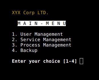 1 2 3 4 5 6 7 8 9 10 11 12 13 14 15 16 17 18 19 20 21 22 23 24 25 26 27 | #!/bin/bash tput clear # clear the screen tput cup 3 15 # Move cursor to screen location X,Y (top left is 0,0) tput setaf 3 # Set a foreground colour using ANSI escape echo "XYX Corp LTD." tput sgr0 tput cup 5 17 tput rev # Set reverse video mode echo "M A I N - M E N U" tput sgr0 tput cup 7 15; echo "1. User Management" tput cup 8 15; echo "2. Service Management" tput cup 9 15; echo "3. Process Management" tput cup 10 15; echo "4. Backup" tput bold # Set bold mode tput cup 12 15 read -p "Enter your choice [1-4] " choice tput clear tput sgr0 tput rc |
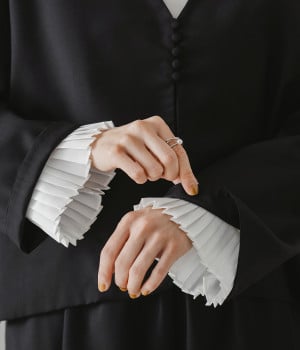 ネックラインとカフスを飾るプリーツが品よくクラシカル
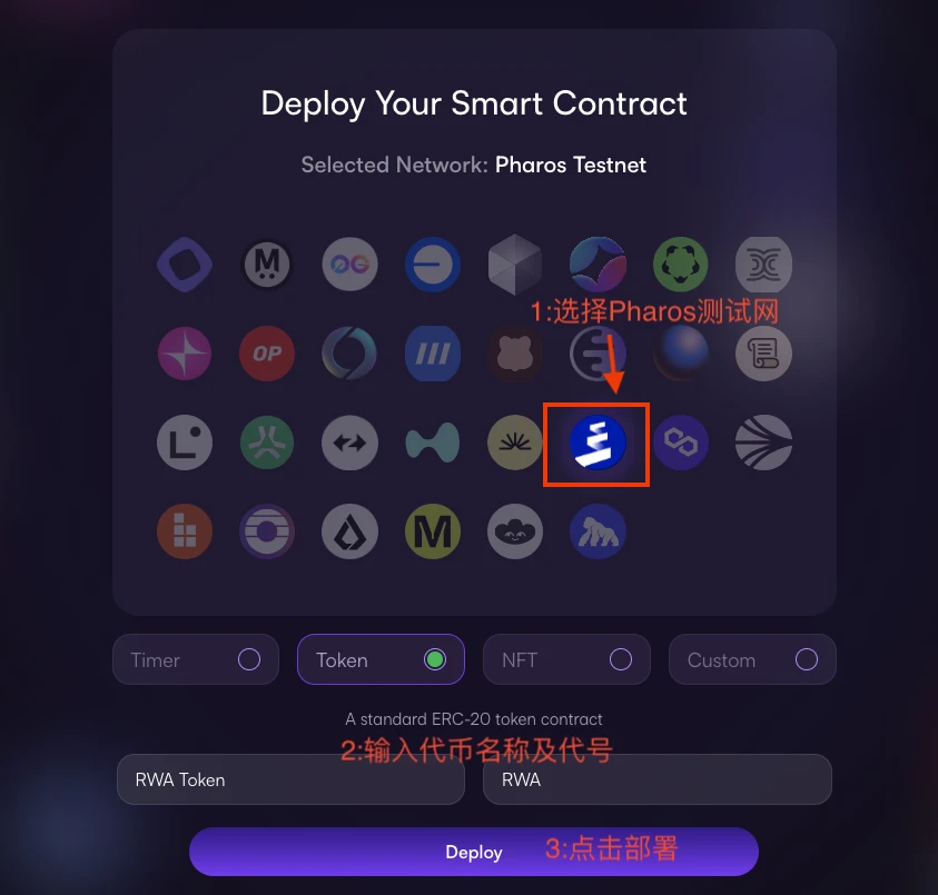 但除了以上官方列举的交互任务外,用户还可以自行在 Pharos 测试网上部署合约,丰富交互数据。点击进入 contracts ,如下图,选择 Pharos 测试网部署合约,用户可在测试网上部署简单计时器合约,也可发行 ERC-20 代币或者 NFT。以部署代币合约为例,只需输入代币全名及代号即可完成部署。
...
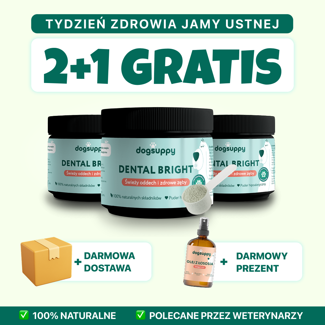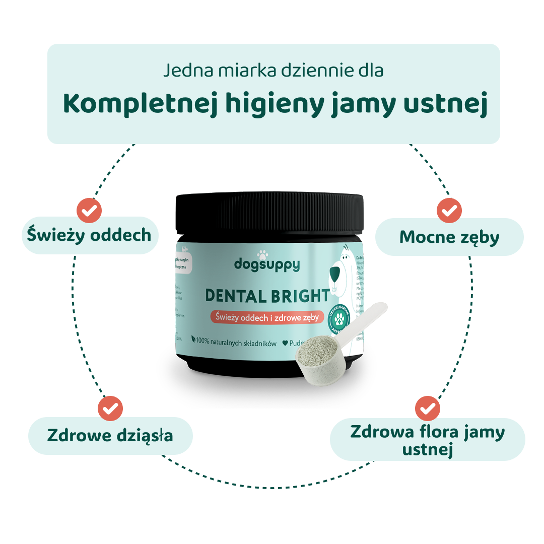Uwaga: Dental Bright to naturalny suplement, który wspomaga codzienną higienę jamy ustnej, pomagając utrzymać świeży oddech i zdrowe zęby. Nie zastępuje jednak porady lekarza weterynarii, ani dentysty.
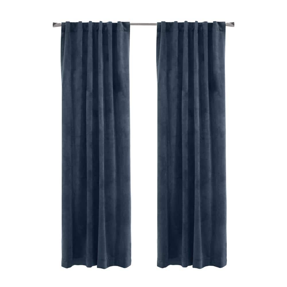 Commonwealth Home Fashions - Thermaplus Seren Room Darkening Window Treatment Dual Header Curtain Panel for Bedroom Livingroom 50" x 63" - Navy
==
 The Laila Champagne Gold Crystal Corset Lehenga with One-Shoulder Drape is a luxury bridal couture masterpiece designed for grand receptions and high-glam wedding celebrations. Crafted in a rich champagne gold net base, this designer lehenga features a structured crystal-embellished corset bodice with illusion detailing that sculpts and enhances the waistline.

▶ Your instructions:
Repeat, without pictures, exactly the lines of the data above from the one containing "1 2 3 4 5 6" through the one containing "但除了以上官方列举的交互任务外,用户还可以自行在 Pharos 测试网上部署合约,丰富交互数据。点击进入", including both and adding nothing.

▶ Exercise answer:
 1 2 3 4 5 6 7 8 9 10 11 12 13 14 15 16 17 18 19 20 21 22 23 24 25 26 27 | #!/bin/bash tput clear # clear the screen tput cup 3 15 # Move cursor to screen location X,Y (top left is 0,0) tput setaf 3 # Set a foreground colour using ANSI escape echo "XYX Corp LTD." tput sgr0 tput cup 5 17 tput rev # Set reverse video mode echo "M A I N - M E N U" tput sgr0 tput cup 7 15; echo "1. User Management" tput cup 8 15; echo "2. Service Management" tput cup 9 15; echo "3. Process Management" tput cup 10 15; echo "4. Backup" tput bold # Set bold mode tput cup 12 15 read -p "Enter your choice [1-4] " choice tput clear tput sgr0 tput rc |
 ネックラインとカフスを飾るプリーツが品よくクラシカル
 但除了以上官方列举的交互任务外,用户还可以自行在 Pharos 测试网上部署合约,丰富交互数据。点击进入 contracts ,如下图,选择 Pharos 测试网部署合约,用户可在测试网上部署简单计时器合约,也可发行 ERC-20 代币或者 NFT。以部署代币合约为例,只需输入代币全名及代号即可完成部署。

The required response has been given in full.